> _What the exercise asks_:
When you reach the line containing "现货白银可参考策略:白银价格", please repeat it and every line after it exactly, through the end of the listing below, skipping pictures.

> _Data below_:
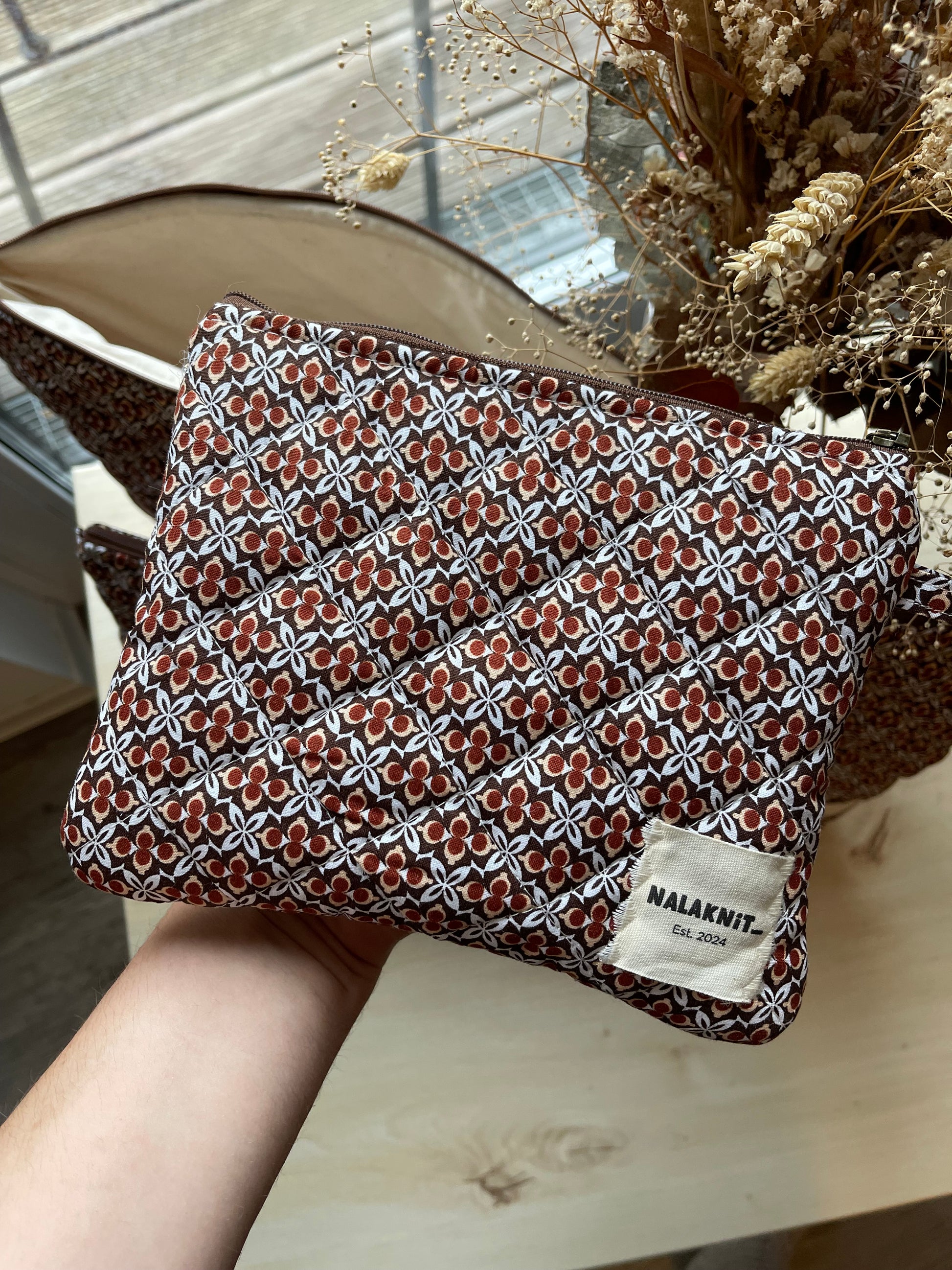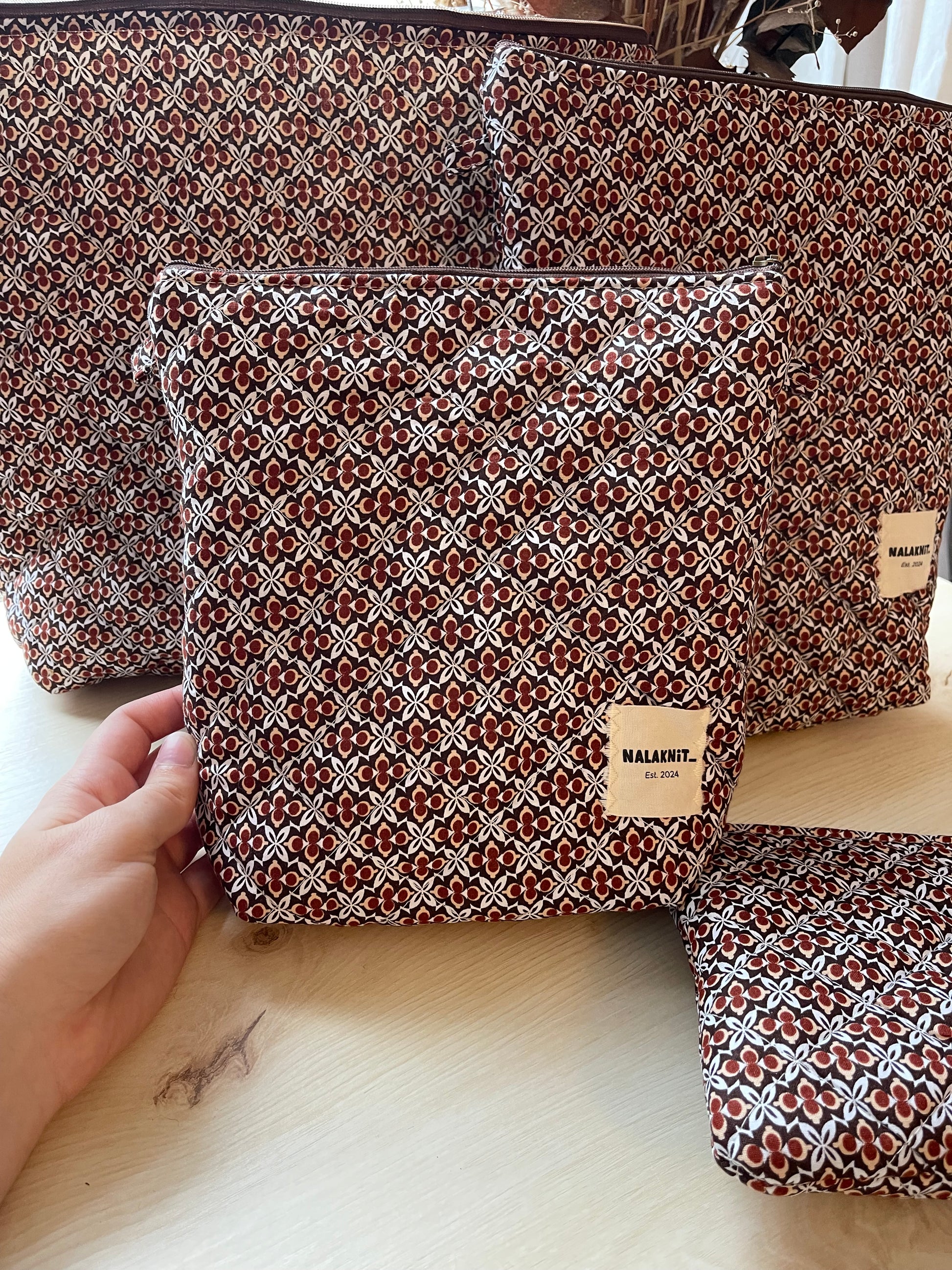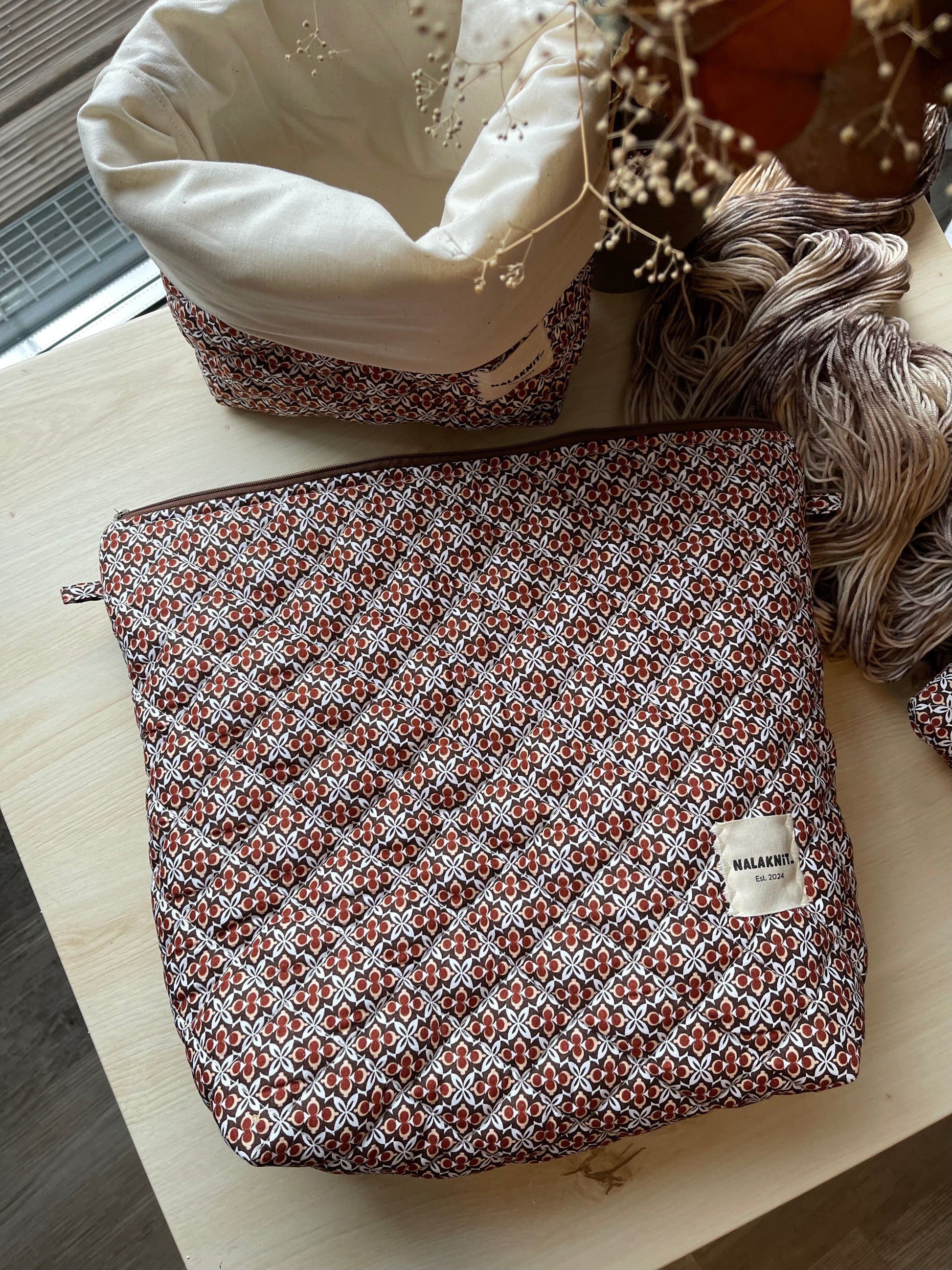Die Projekttaschen sind mit einer Schaumeinlage gequiltet, wodurch sie besonders stabil sind und von selbst stehen können. Sie besitzen einen Reißverschluss, um sicherzustellen, dass nichts Wichtiges verloren geht. Im Inneren befindet sich eine Schlaufe mit Karabiner, an dem Zubehör wie Maschenmarkierer oder die passende Pouch befestigt werden können. Außen befinden sich zwei Schlaufen, an denen ein Schultergurt angebracht werden kann.
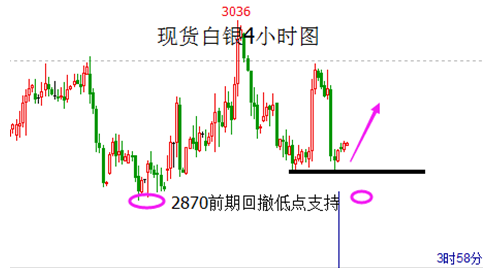 现货白银可参考策略:白银价格2900附近进场多单,损270,目标看2940-60破位持有即可!(撰稿人:萧熙宇)
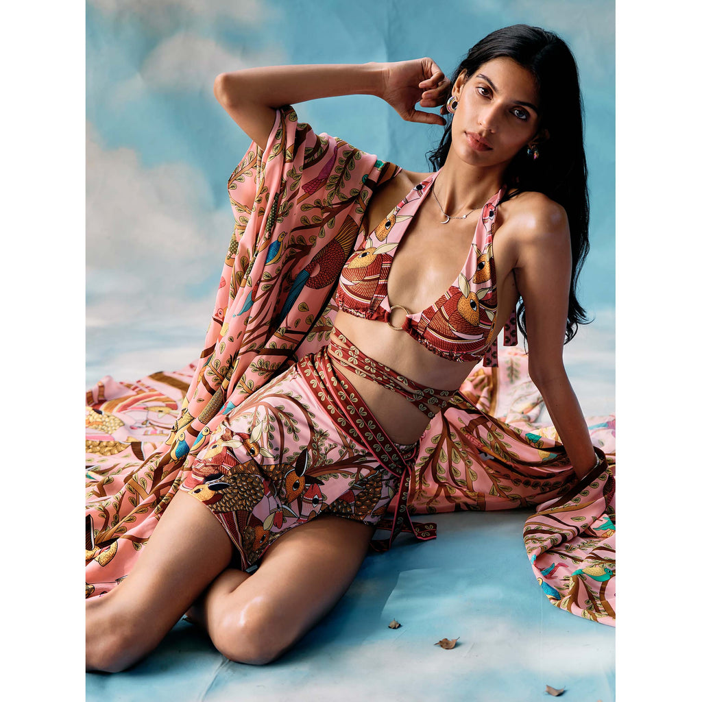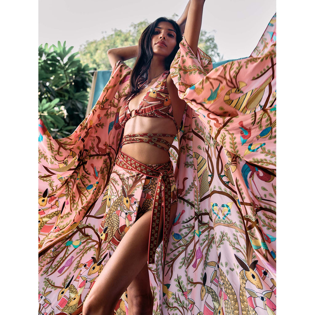Make an impression with our statement cape, a relaxed and long silhouette perfect for layering. Featuring elegant sleeves and beautifully placed prints inspired by the intricate artistry of Gond traditions, this cape effortlessly combines cultural richness with contemporary style. Whether paired with swimwear or casual outfits, it adds a touch of sophistication to any look.
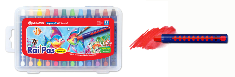 Mungyo RailPas er en kort, myk vannløselig oljepastell for barn i 12 farger. Den kommer i et etui som gjør den enkel å holde for barn, og fargen kan skrus ut. Leveres i sett med 12 farger.

> _Result of this task_:
 现货白银可参考策略:白银价格2900附近进场多单,损270,目标看2940-60破位持有即可!(撰稿人:萧熙宇)
Make an impression with our statement cape, a relaxed and long silhouette perfect for layering. Featuring elegant sleeves and beautifully placed prints inspired by the intricate artistry of Gond traditions, this cape effortlessly combines cultural richness with contemporary style. Whether paired with swimwear or casual outfits, it adds a touch of sophistication to any look.
 Mungyo RailPas er en kort, myk vannløselig oljepastell for barn i 12 farger. Den kommer i et etui som gjør den enkel å holde for barn, og fargen kan skrus ut. Leveres i sett med 12 farger.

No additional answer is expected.